══ DATA IN THIS EXERCISE ══

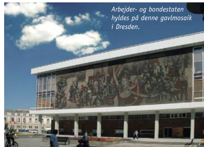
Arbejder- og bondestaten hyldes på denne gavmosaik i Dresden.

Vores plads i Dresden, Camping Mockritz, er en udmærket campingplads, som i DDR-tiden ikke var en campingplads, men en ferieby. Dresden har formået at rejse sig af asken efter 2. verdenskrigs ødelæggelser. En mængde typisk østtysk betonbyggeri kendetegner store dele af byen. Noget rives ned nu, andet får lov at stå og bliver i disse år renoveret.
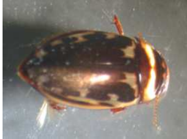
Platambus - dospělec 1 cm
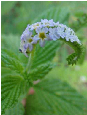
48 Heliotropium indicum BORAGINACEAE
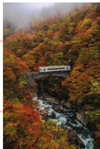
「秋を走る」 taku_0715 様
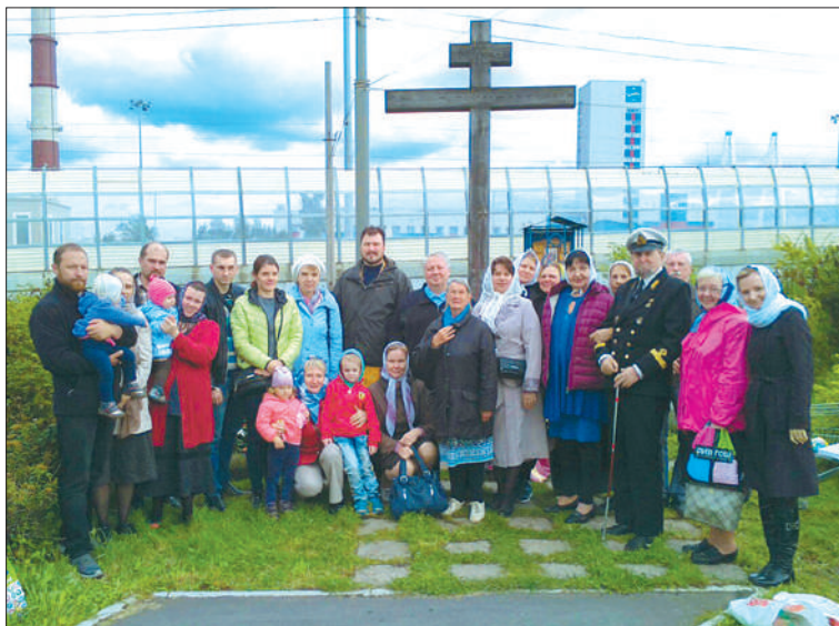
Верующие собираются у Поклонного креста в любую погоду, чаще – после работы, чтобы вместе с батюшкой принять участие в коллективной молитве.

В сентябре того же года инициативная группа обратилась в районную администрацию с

═══
══ DATA IN THIS EXERCISE ══

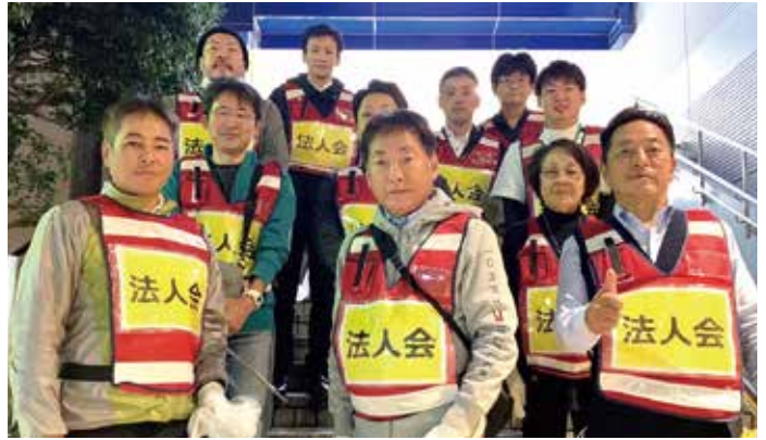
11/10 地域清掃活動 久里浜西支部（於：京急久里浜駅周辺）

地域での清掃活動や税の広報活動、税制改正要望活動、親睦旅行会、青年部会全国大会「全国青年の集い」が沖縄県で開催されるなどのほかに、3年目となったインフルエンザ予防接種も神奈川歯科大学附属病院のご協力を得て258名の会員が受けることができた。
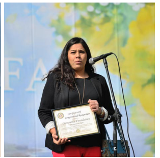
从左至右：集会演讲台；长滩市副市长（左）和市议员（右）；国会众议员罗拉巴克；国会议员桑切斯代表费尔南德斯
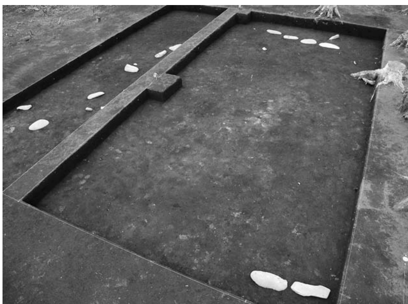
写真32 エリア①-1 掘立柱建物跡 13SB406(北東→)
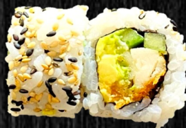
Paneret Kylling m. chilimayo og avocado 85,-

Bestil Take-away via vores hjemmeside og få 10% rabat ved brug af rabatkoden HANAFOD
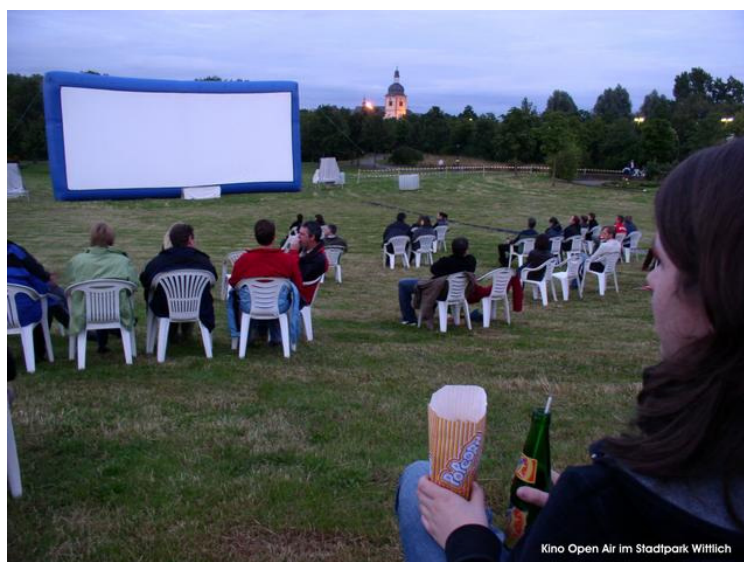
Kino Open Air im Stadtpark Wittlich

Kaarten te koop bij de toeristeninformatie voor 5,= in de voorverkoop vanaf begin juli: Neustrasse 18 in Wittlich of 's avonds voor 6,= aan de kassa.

═══

EXERCISE BRIEF: Look above for the line with "写真32 エリア①-1 掘立柱建物跡 13SB406(北東→)" and copy exactly from it through the line with "Kaarten te koop", both included. Omit the pictures.

THE ANSWER:
写真32 エリア①-1 掘立柱建物跡 13SB406(北東→)
Paneret Kylling m. chilimayo og avocado 85,-

Bestil Take-away via vores hjemmeside og få 10% rabat ved brug af rabatkoden HANAFOD
Kino Open Air im Stadtpark Wittlich

Kaarten te koop bij de toeristeninformatie voor 5,= in de voorverkoop vanaf begin juli: Neustrasse 18 in Wittlich of 's avonds voor 6,= aan de kassa.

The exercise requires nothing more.